Metathorax. Metaventrite distinctly shorter than preepisternal elevation of mesothorax, median portion markedly differing from lateral portion in punctation and microsculpture; punctation of median portion sparse, consisting of small rounded punctures, interstices without microsculpture, shiny. Anterolateral ridges bent posteriad along lateral margin of metaventrite, concave laterally, not meeting together mesally. Anterior margin of metaventrite not crenulate. Lateral margin with additional slightly concave ridge.

Abdomen. Ventrite 1 without additional longitudinal ridges laterally. Ventrites 2–5 without longitudinal ridges; posterior margin of all ventrites lacking denticles.

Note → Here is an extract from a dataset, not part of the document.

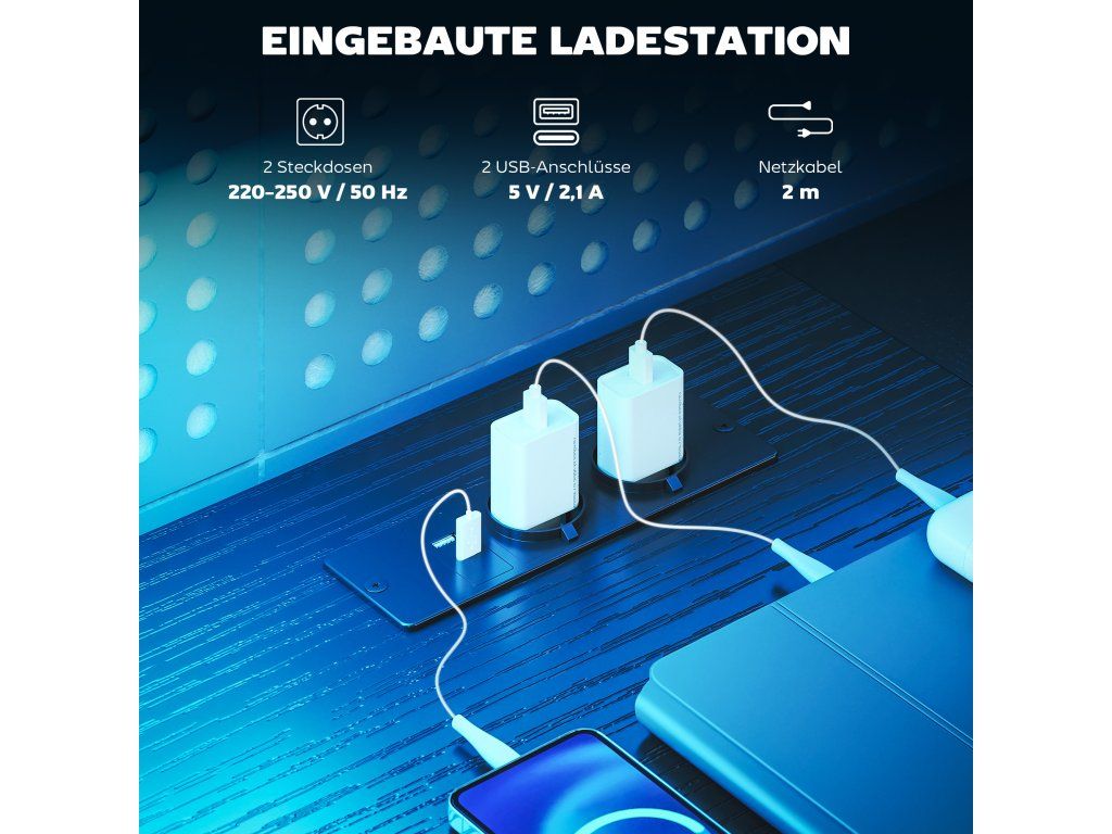 Nabíjecí stanice vše v jednom: Napájejte monitor, telefon a konzoli pomocí dvou AC zásuvek a dvou USB portů. Sedmibarevný LED pásek pod stojanem monitoru osvětluje vaši pracovní nebo herní plochu a vytváří tak herní atmosféru nebo prostředí pro lepší soustředění.

Male genitalia. Aedeagus 0.57 mm long, parameres 1.1× longer than phallobase. Parameres continuously narrowing apicad, bearing two long setae apically. Phallobase wide, 1.6× longer than wide. Median lobe ca. as long as parameres, nearly parallel-sided basally, narrowing apicad in apical 0.2, apex rounded. Membranous lateral projections of median lobe absent. Gonopore present.

Etymology

The new species is dedicated to Professor Stuart Peck (Carleton University, Canada) whose collecting trips accumulated a huge material of the West Indian Hydrophilidae, including many Oosternum specimens used for this study.

Distribution

Oosternum pecki sp. n. is a Hispaniolan endemic species currently known only from the type locality situated in the southern part of the Dominican Republic (Barahona province) (Fig. 61).

Habitat

Based on the label data, the type specimens were collected in a remnant of the rain forest using a flight intercept trap.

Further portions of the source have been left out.